Nikon 50mm f/1.8D / Fuji S2 / London
The old Jessops World Camera Centre on New Oxford St; you can't, if you're bankrupt

In the photo above it's mounted on a Nikon F3, a manual focus 35mm film SLR from 1980. It fits and works fine, although it becomes manual focus only. The manual focus ring is small and covers a lot of ground quickly, which is awkward, but it's a viable alternative to the F3's contemporary 50mm f/1.8 AI-S. (In real life the discerning F3 owner would have used a 50mm f/1.4 or f/1.2, or a 25-50mm f/4 zoom, or a 300mm f/2.8, etc). The 50mm f/1.8D replaced an earlier, non-D autofocus 50mm f/1.8, the difference being that the D version can transmit distance information to the camera's flash and metering system.

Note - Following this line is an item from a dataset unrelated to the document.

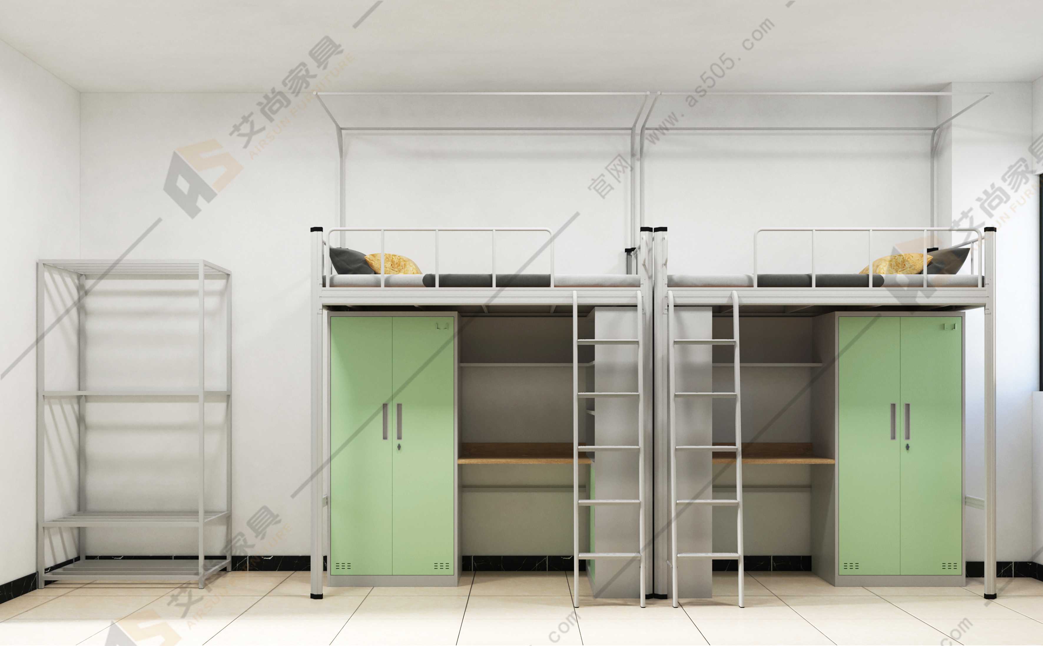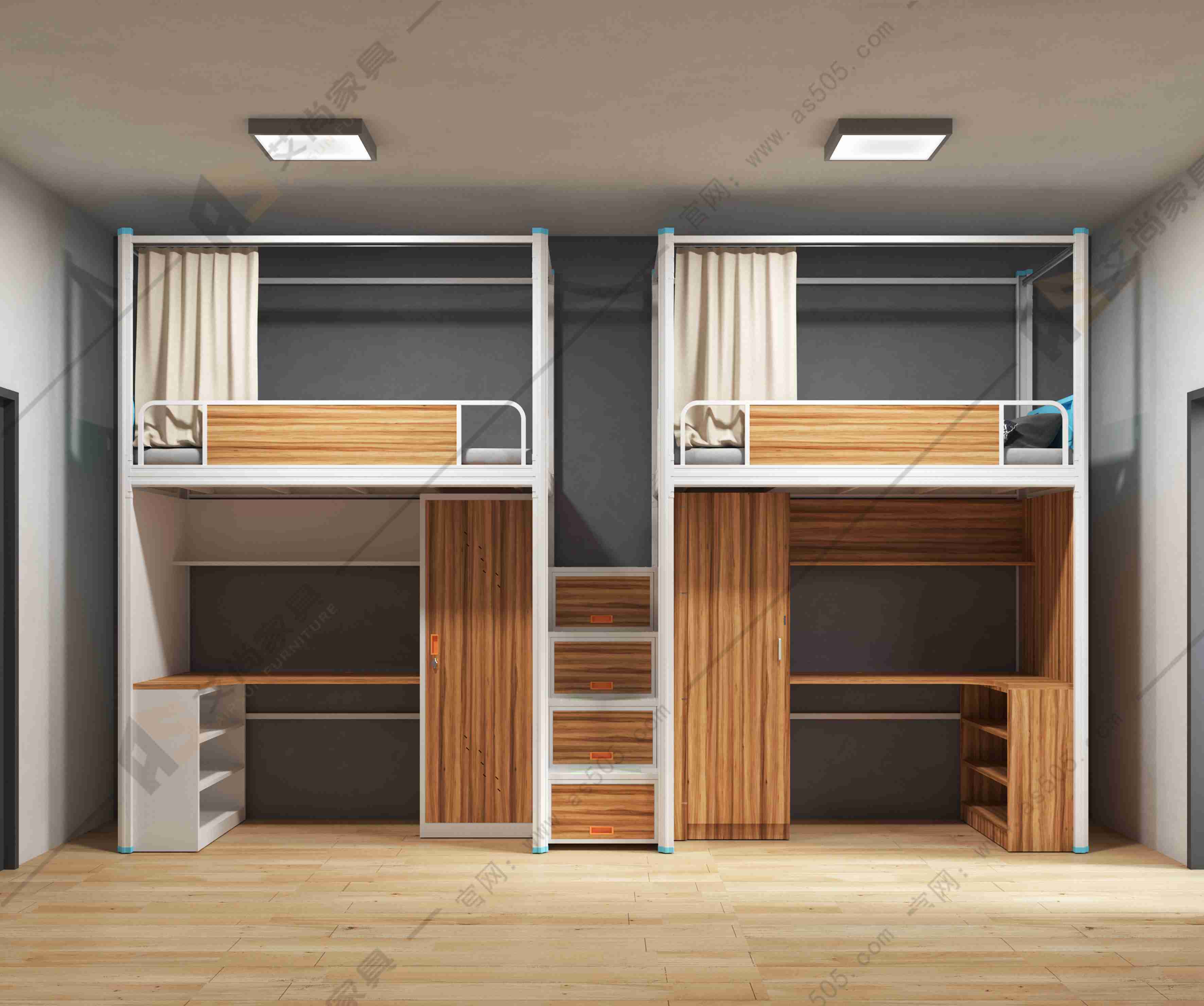 艾尚學生宿舍床樓梯板表面都有防滑紋,防止上樓梯時不小心滑倒。表面有多條加強筋,并且加高護欄,質量且穩(wěn)固。學生公寓床的每個接觸棱角均打磨光滑,能夠保護質量。您所擔憂的我們都想到了!

Nikon 50mm f/1.8D @ f/2 / Nikon D1x

All the shots in this article were taken with a vintage Nikon D1x in February 2013, except for the test images. The 50mm f/1.8 D seems to have been popular with Nikonitrons as a second lens, also just like Canon's Nifty Fifty. But it has an Achilles heel. In common with older Nikon autofocus lenses it uses a screw-drive system whereby a motor inside the camera drives the lens' focus motor. This was Nikon's way throughout the 1980s and 1990s, but over the last decade or so the company has been moving towards an autofocus system that has the motors built into the lens, and starting with the D40 of 2006 modern entry-level Nikon digital SLRs don't have a screw drive motor, and can't autofocus the 50mm f/1.8D.


This must have caused some red faces and missed sales in the local camera shop, especially given that the 50mm f/1.8 was aimed at precisely the kind of people who might have bought a D40.


In mid-2011 Nikon launched a modern 50mm f/1.8G lens, which has a built-in focus motor. The company still sells the 50mm f/1.8D, but for how much longer? How much longer, eh?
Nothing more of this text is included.